Recall that, in batch learning, the model is trained simultaneously on a number of examples that have been previously collected. In contrast to batch learning, in real-time learning model training is continuous, each new instance that arrives becoming part of a dynamic training set. See Chapter 5, Real-Time Stream Machine Learning for details. Once the data is collected, stored, and transformed based on the domain requirements, different Machine Learning methodologies can be employed, including batch learning, real-time learning, and batch-real-time mixed learning. Whether one selects supervised learning, unsupervised learning, or a combination of the two also depends on the data, the availability of labels, and label quality. These will be discussed in detail later in this chapter.

The results of analytics during the development stage as well as the production or runtime stage also need to be stored and visualized for humans and automated tasks.

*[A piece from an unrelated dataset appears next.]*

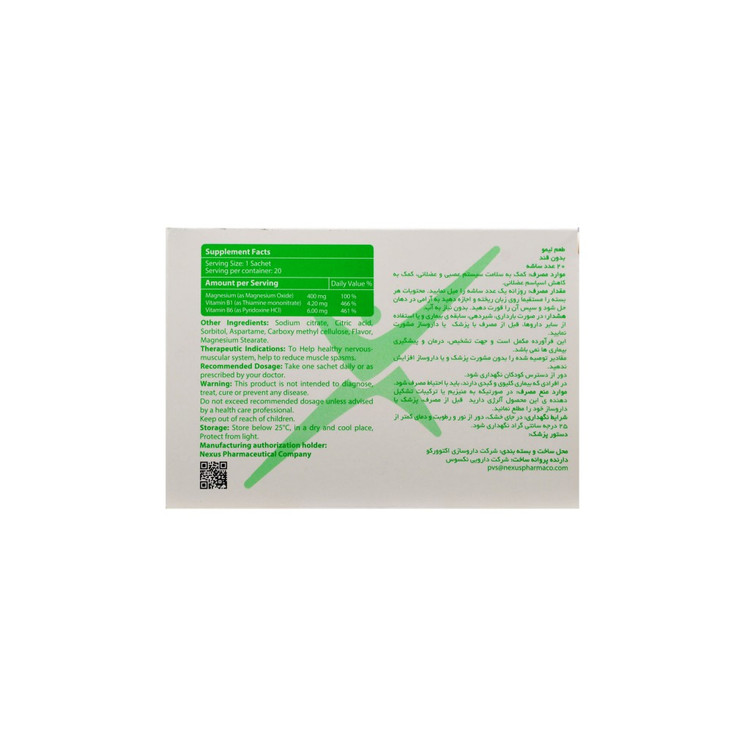 علاوه بر موارد گفته شده ساشه منیزیم پلاس نکستایل در حفظ سلامت قلب و عروق نقش آفرینی می کند به طوری که با کاهش فشار خون و تنظیم ضربان قلب از بیماری های قلبی همچون سکته و حملات قلبی جلوگیری می کند. از دیگر قابلیت بارز این ساشه حفظ سلامت استخوان هاست که درکنار ویتامین دی و کلسیم، منیزیم نیز به افزایش تراکم استخوانی و جلوگیری از بیماری هایی همچون پوکی استخوان کمک می کند. ساشه منیزیم پلاس 400 نکستایل فاقد قند بوده و مناسب افراد دیابتی است و همچنین با طعم دلپذیر لیمو تولید می شود.

Big Data cluster deployment frameworks

There are many frameworks that are built on the core Hadoop (References [3]) open source platform. Each of them provides a number of tools for the Big Data components described previously.

Hortonworks Data Platform

Hortonworks Data Platform (HDP) provides an open source distribution comprising various components in its stack, from data acquisition to visualization. Apache Ambari is often the user interface used for managing services and provisioning and monitoring clusters. The following screenshot depicts Ambari used for configuring various services and the health-check dashboard:

Hortonworks Data Platform

Figure 2: Ambari dashboard user interface

Cloudera CDH

Like HDP, Cloudera CDH (References [4]) provides similar services and Cloudera Services Manager can be used in a similar way to Ambari for cluster management and health checks, as shown in the following screenshot:

Cloudera CDH

Figure 3: Cloudera Service Manager user interface

Amazon Elastic MapReduce

Amazon Elastic MapReduce (EMR) (References [5]) is another Big Data cluster, platform similar to HDP and Cloudera, which supports a wide variety of frameworks. EMR has two modes—cluster mode and step execution mode. In cluster mode, you choose the Big Data stack vendor EMR or MapR and in step execution mode, you give jobs ranging from JARs to SQL queries for execution. In the following screenshot, we see the interface for configuring a new cluster as well as defining a new job flow:

Amazon Elastic MapReduce

Figure 4: Amazon Elastic MapReduce cluster management user interface

Microsoft Azure HDInsight

Microsoft Azure HDInsight (References [6]) is another platform that allows cluster management with most of the services that are required, including storage, processing, and Machine Learning. The Azure portal, as shown in the following screenshot, is used to create, manage, and help in learning the statuses of the various components of the cluster:

Microsoft Azure HDInsight

Figure 5: Microsoft Azure HDInsight cluster management user interface

Data acquisition

In the Big Data framework, the acquisition component plays an important role in collecting the data from disparate source systems and storing it in Big Data storage. Based on types of source and volume, velocity, functional, and performance-based requirements, there are a wide variety of acquisition frameworks and tools. We will describe a few of the most well-known frameworks and tools used to give readers some insight.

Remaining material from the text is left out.